The second problem with CPS is that it involves continuations. Not in a terror-inducing way, but rather in a speed hit way. The one downside to supporting continuations is that it means you can't use the stack to hold both control information and data. So things like C's auto variables can't be put on the stack, which slows things down as you need to allocate a frame for them somewhere out of heap memory. While not slow, it's definitely much slower than just incrementing/decrementing (depending on which way the stack goes) the stack pointer by a few dozen words. If you're shooting for speed, well, you just missed a bit. If that's not a problem, or the semantics of the language you're using requires the heavier-weight variable allocation system (or, like Lisp, has so few variables in use that it doesn't matter much how long it takes to allocate them) it can be a useful win.

Still, in a register rich system CPS is definitely pretty darned cool I'll admit, after this, I'm almost tempted to shift Parrot over to a full CPS system. Almost....

Posted by Dan at May 7, 2003 09:30 AM | TrackBack (3)

Nice explanation. When I was learning about CPS, though, we always talked about the code _explicitly_ passing and invoking continuations, which can then be plain functions. It seemed pretty easy to understand that way, especially with examples. So, a trivial example:

The first sub is vanilla, the second is its CPS equivalent.

sub fac {
my ($n) = @_;
if ($n == 0) { return 1 }
else { return $n * fac($n - 1) }

sub fac_k {
my ($n, $k) = @_;

if ($n == 0) { return $k->(1) }
else {
return fac_k($n - 1, sub { my $v = shift; return $k->($n * $v) })

Hope this is of some use.

Posted by: John at May 7, 2003 05:21 PM

Thanks for a very nice explanation. I am curious why you don't have Parrot works as a full CPS system.

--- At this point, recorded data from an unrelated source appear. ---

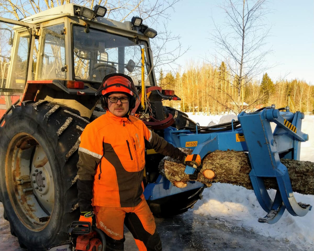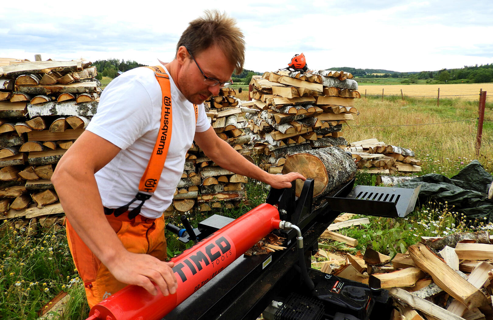 Lisäpalveluina pöllien halkominen koneellisesti polttopuiksi ketterästi paikan päällä tehtynä.
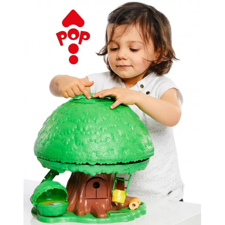 Simply press the roof and it pops open to reveal the magic inside. Once open you will discover the various rooms (living, kitchen, bathroom and garage), swing, wind up lift, car, characters and furniture. great for promoting imaginative play. The Tree House can then be easily stored away with all items inside, and can be easily transported by its handle.
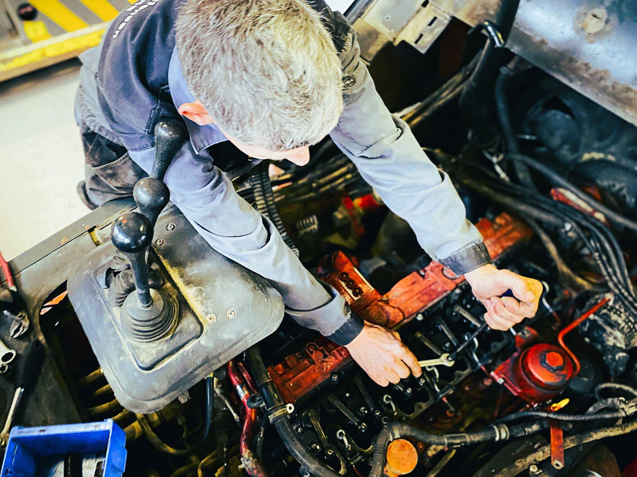 Vores servicepriser er altid konkurrencedygtige. På vores værksted og fra vores 5 servicevogne klarer vi enhver opgave, uanset om det drejer sig om hovedrenovering af motorer, reparation af hydraulik, el-problemer eller udskiftning af trækbandager og dæk.

Since Parrot will have to support continuations anyway and much of the optimizations that CPS disallows cannot be done, it seems like a fine idea. Of course I could be all googly eyed over a new things that I just learned about...

But anyway, more of you logic with respect to not having Parrot be a full CPS system would interest me.

Posted by: Boots at May 7, 2003 06:04 PM

Thank you for these explanations of all kinds of things.
I thought "lexicals" were the auto (in C terms) allocated variables, but I'm beginning to get the feeling I'm totally wrong about this. Am I?
Maybe another idea for What the heck is:?

Posted by: Klaas-Jan at May 8, 2003 08:34 AM

Lexicals aren't quite the same as auto variables, if for no other reason than lexicals generally persist as long as there's an outstanding reference to them, while auto variables don't. (Hence all the fun in C when returning the address of an auto variable from a function :)

That is sort of an implementation detail, I suppose--I'm not sure there's anything about lexicals that, strictly speaking, requires this sort of behaviour. I'll add it to the "What the heck is:" list, though.

Posted by: Dan at May 8, 2003 10:19 AM